Abstract:
Pest recognition is a key foundation of pest management. Previous research exploited image classification to achieve automatic pest recognition. As it is difficult to obtain sufficient images for newly emerged pest classes, how to develop a pest classifier with a few labeled images is an interesting and challenging problem. Some existing works in the literature employed the matching network framework to solve this problem, which used meta-learning to avoid retraining deep networks. In these works, however, the feature extraction abilities of backbone networks were limited and the meta-learning algorithms did not provide a good weight initialization strategy or might cause network collapse. To close this gap, a few-shot pest classifier using a spatial-attention-enhanced version of ResNeSt-101 and a transfer-based meta-learning algorithm was proposed in this study. First, ResNeSt-101 was enhanced with a spatial attention block to better extract image features. The spatial attention block was suggested to integrate before the max pooling layer in the first stage of ResNeSt-101 and/or append at the end of stages 2-4, and the optimal location was determined as the first stage via the numerical simulation results. Subsequently, network weights were initialized by transfer learning and then optimized by meta-learning. To avoid network collapse, the normalized temperature-scaled cross-entropy loss function instead of the triplet loss function was chosen in the meta-learning algorithm. Finally, pest classification was achieved by computing similarities between deep features of query and support images. In addition, the proposed method was evaluated on two elaborately constructed pest image datasets AD0 and MIP50 with
N-way
K-shot accuracy and the time of per image processing (TPIP). These two pest image datasets were constructed as follows: images in the public pest image datasets, IP102 and D0, were firstly cleaned by eliminating the images with class ambiguities due to the English pest name-based categorizing; and the images of eggs, larvae, and pupae stages were removed while those of adults remained. Considering the limitation of human resources and time costs, only 50 classes were then selected from the cleaned IP102 pest dataset to construct the MIP50 pest image dataset. Subsequently, pest images were finally searched by the Latin pest names from the Internet, yielding the AD0 pest image dataset. The elaborately constructed MIP50 includes 16424 adult pest images from 50 categories of IP102, and the AD0 consists of 17112 adult pest images from all 40 categories of D0. Extensive experimental simulation results showed that when there were only a few unseen pest categories in the test set, the 5-way 10-shot accuracy evaluation method achieved an accuracy of 96.37% on the AD0 dataset and 76.91% on the MIP50 dataset. When there existed several unseen and seen pest classes in the test set, the proposed method using the 5-way 10-shot setting achieved an accuracy of 93.73% on the AD0 dataset and 90.60% on the MIP50 dataset. The TPIP of the proposed method was approximately 0.44 ms, which satisfies the real-time pest recognition requirement in most scenarios. In addition, a series of comparative and ablation experiments suggested that the proposed method was effective in few-shot pest classification.
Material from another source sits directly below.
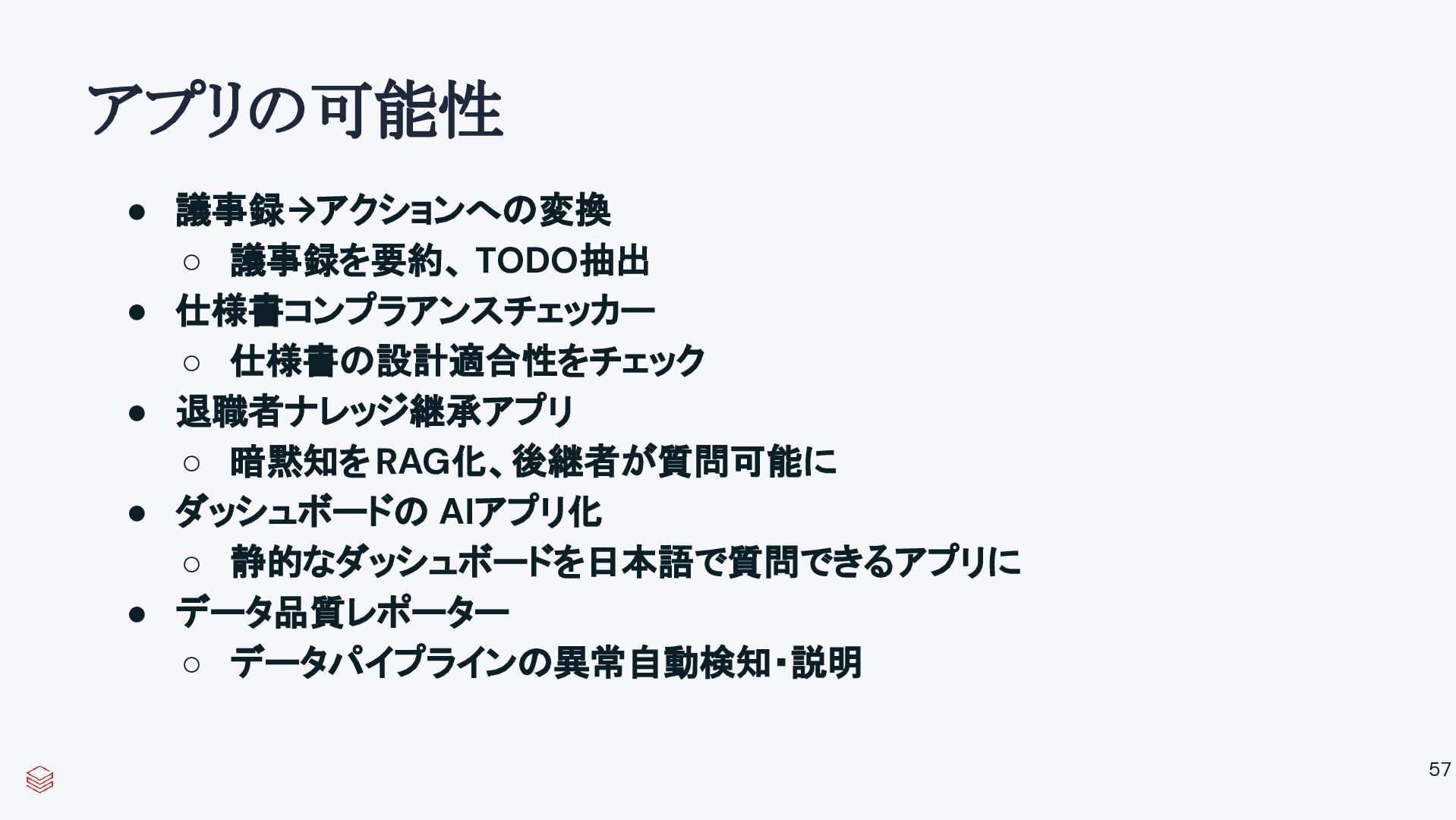 仕様書の設計適合性をチェック • 退職者ナレッジ継承アプリ ◦ 暗黙知をRAG化、後継者が質問可能に • ダッシュボードの AIアプリ化 ◦ 静的なダッシュボードを日本語で質問できるアプリに • データ品質レポーター ◦ データパイプラインの異常自動検知・説明

These results indicated that the proposed few-shot pest classification using spatial-attention-enhanced ResNeSt-101 network and transfer-based meta-learning is effective and thus promising in practical applications. Although the proposed scheme is promising, there exist several issues that need to be further investigated in future work. For example, increasing the way number would probably lead to lower classification accuracy, optimizing the metrics in this work by adopting the metric that better characterizes the complex relationships between samples in the support set and those in the query set, and applying the proposed scheme to practically recognize pests in fields.